# Where to get a good burger in Melbourne (preferably SE suburbs or Peninsula)?



## interplanetjanet (Jan 7, 2009)

I've ordered hamburgers at a few different places here (chippy shop, Hog's Breath, etc.), and they've all been disgusting. They've got a strange texture, and they're like the spam version of a hamburger. I'm not quite sure why it is, but they're nothing like the tasty burgers back home. Can anyone recommend a place for a good burger? Anyone know why the burgers here are so funky, or is it just that I've been going to the wrong places?


----------



## amaslam (Sep 25, 2008)

Hi:

Try Mistys Diner in Prahran, VIC. Run by a Californian and very tasty burgers 

I've had some really good burgers here. Hogs Breath is hit and miss, depends on the cook they have on duty. 
Also you do get used to the burgers here, they're a bit different, I've had some really good ones from a hole in the wall and really bad ones from good restaurants. 

:hungry:

P.S. I was at Mistys this last long weekend and can definitely vouch for the Ranch Burger (no bacon for me though). 



interplanetjanet said:


> I've ordered hamburgers at a few different places here (chippy shop, Hog's Breath, etc.), and they've all been disgusting. They've got a strange texture, and they're like the spam version of a hamburger. I'm not quite sure why it is, but they're nothing like the tasty burgers back home. Can anyone recommend a place for a good burger? Anyone know why the burgers here are so funky, or is it just that I've been going to the wrong places?


----------



## interplanetjanet (Jan 7, 2009)

Thanks!

Do you know what it is about the burgers here that makes them so different to those in the US and in Europe? The texture just seems very strange - kind of spongey. I've never seen anything like it.


----------



## amaslam (Sep 25, 2008)

First the cows are different, that being said AU Beef is definitely excellent and they export all over the world. However with the burgers I think they tend to overcook them so they become dry. Don't know why. 

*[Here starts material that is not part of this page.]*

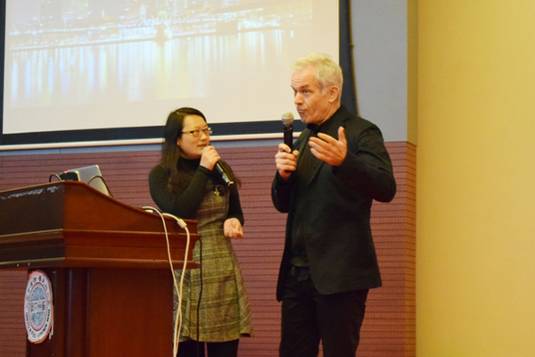 下午,2015 NEW“FORM”国际平面设计探索展(苏州站)学术论坛在炳麟图书馆学术报告厅拉开帷幕,论坛由张大鲁教授主持。克劳斯·海瑟教授围绕“设计的新形式”发表主题演讲,阐述了他对设计的独到认识与见解,并和在场观众分享了许多个人的设计案例。李中扬教授从“创意角度”出发作了学术报告,提出了一些关于设计创意的新思考,同时也与大家进一步探讨了设计的新标准与新价值。

Keep trying different places, you will eventually find something you like (or you can always hit Mistys when you get a hankering ) 



interplanetjanet said:


> Thanks!
> 
> Do you know what it is about the burgers here that makes them so different to those in the US and in Europe? The texture just seems very strange - kind of spongey. I've never seen anything like it.


----------



## Halo (May 8, 2008)

There is nothing like Back Yard Burgers :: Hot off the grill! > Home in OZ land...... There are however some OK ones... like Burger Edge


----------



## coldAussie (Feb 5, 2009)

amaslam said:


> First the cows are different...


Are the cows different, or is it just what they are fed? Here in the states they are pretty much force fed corn, while in Oz they are free range grass fed (which is what cows are supposed to eat)

Ian


----------



## amaslam (Sep 25, 2008)

I think they do use different breeds in AU than US. I think in US you have Texas Longhorn while in AU I think more Black Angus. I'm not a cow expert so I'm not across all the different breeds. 



coldAussie said:


> Are the cows different, or is it just what they are fed? Here in the states they are pretty much force fed corn, while in Oz they are free range grass fed (which is what cows are supposed to eat)
> 
> Ian


----------



## Mingo (Mar 20, 2009)

Would something like this make you feel more at home?


----------



## interplanetjanet (Jan 7, 2009)

> Would something like this make you feel more at home?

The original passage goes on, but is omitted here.